I Open-Sourced My Own AFK Software Factory

Matt Pocock| 00:11:25|Apr 30, 2026

Chapters9

Explains why AFK agents require sandboxing to avoid permissions prompts and potential security risks.

Matt Pocock shows how to run AFK AI coding agents with Sand Castle, Docker sandboxes, and GitHub issues to choreograph parallel workflows in a fully reproducible TS setup.

Summary

Matt Pocock unveils Sand Castle, a TypeScript library that orchestrates AI coding agents inside isolated sandboxes so you can run tasks completely AFK. He walks through setting up a repo, installing sand Castle, and choosing Docker as the sandbox provider, plus a backlog managed by GitHub issues labeled for SCastle. The tutorial covers building a parallel planner, implementing changes via agents, and then having a reviewer and merger agent auto-handle code quality and merges. You’ll see how the planner analyzes open issues, how the implementer drafts code inside the sandbox, and how the reviewer flags improvements before the merger commits to main. Pocock demonstrates practical knobs like using Anthropic and GitHub tokens, and outlines how to run the whole flow through an npm script and npx commands. By the end, the setup yields a mini software factory that accelerates velocity while keeping everything sandboxed and auditable. If you’re curious about scalable, engineer-friendly AI automation, this hands-on walkthrough is a solid blueprint.

Key Takeaways

Running AFK AI agents requires sandboxing to prevent permissions prompts and potential system risks; Sand Castle provides a TypeScript interface to run prompts inside isolation containers.
Sand Castle can be initialized with npx sand castle init, selecting an agent (e.g., claw code) and a sandbox provider (Docker in the demo).
A backlog is driven by GitHub issues filtered by a specific label (S castle) so agents know what to work on next.
The workflow uses a planner → implementer → reviewer → merger pattern, enabling parallel work and automated merges while preserving code quality.

Who Is This For?

Engineers and AI practitioners who want a hands-on blueprint to run AI coding agents AFK inside sandboxed environments, with reproducible DevOps-like workflows and GitHub-backed task management.

Notable Quotes

"Run this prompt inside this sandbox using this agent."

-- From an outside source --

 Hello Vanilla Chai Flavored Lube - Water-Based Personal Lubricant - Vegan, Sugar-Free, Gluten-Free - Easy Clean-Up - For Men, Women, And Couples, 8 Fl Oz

—Shows the core Sand Castle usage pattern: running a prompt in a sandbox with a chosen agent.

"Sand Castle is a TypeScript library for orchestrating AI coding agents in isolated sandboxes."

—Defines the library’s purpose and how it fits into the workflow.

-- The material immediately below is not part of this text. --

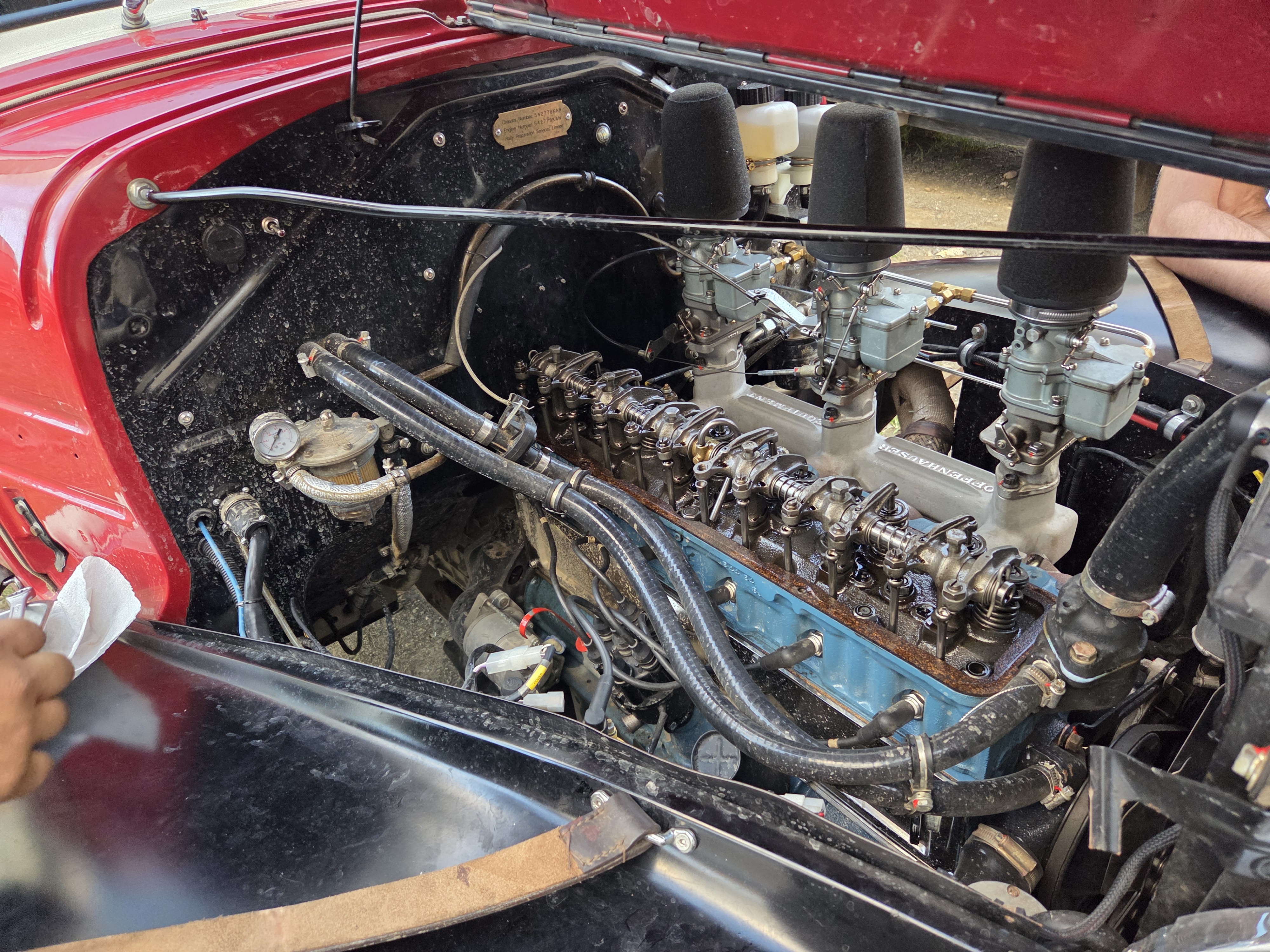 Unser neuer direkter Verfolger fährt exakt das gleiche Fahrzeug in der gleichen Farbe wie wir, sozusagen 'Luigis' Zwillingsbruder. Allerdings ist dieser deutlich mehr aufgemotzt, sowohl vom Motor als auch vom Fahrwerk her. Zudem fährt der Fahrer ausgezeichnet und hat in der Kategorie der Vorkriegsfahrzeuge auf dem Teer alle Rundkurse der letzen Tage gewonnen (auf Gravel nicht ). Auch auf den Regularities werden die beiden Herren - deren Team-Konstellation etwas zu Mutmassungen geführt hat - zunehmend besser, heute haben sie uns 4 Sekunden abgenommen. Wir werden uns warm anziehen müssen, wenn wir unsere Positionen halten wollen, aber das ist ja auch die Herausforderung und der Spass an einer solchen Rallye!

"The issues will be filtered by this label."

—Explains backlog management via GitHub labels to scope work for the agents.

"This pattern has been incredibly powerful because the implementer can make mistakes, but the reviewer generally picks it up."

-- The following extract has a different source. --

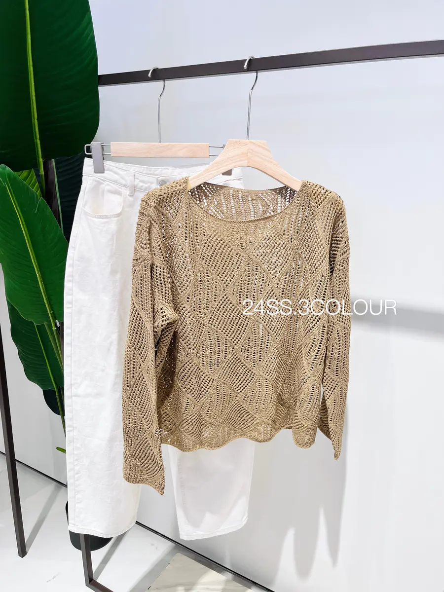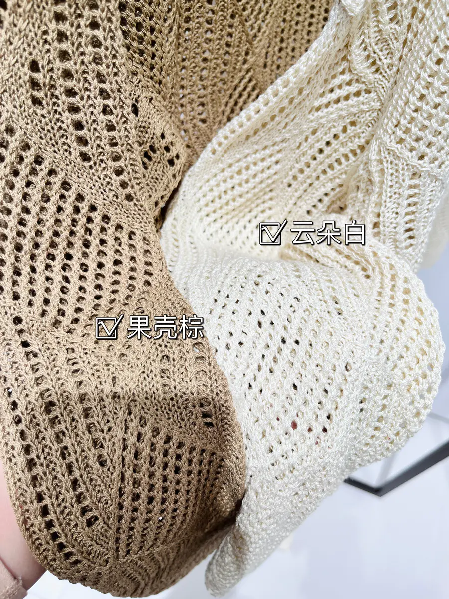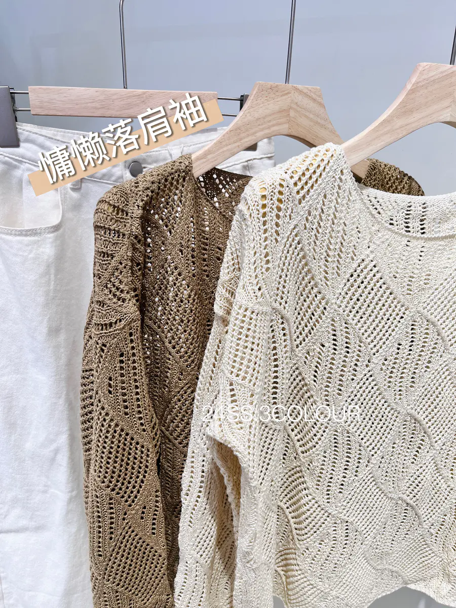 选择了两个比较温柔的颜色,结合菱形镂空织法,以及落肩袖的版型,让整件罩衫都透露出一种度假休闲感,搭配浅色系的裤子或者咖色的单品都是不错的选择;

—Describes the robustness of the planner-implementer-reviewer-merger loop.

"Sand Castle runs inside this Docker container."

—Gives a concrete detail about the sandbox hosting environment.

Questions This Video Answers

How can I run AI coding tasks AFK inside Docker sandboxes with TypeScript?
What is Sand Castle and how do I integrate it into an existing repo?
How do planner, implementer, reviewer, and merger agents coordinate in practice?
What are the trade-offs of using GitHub Issues as a backlog for AI agents?
Can Anthropic API keys be safely used in sandboxed AI workflows like this?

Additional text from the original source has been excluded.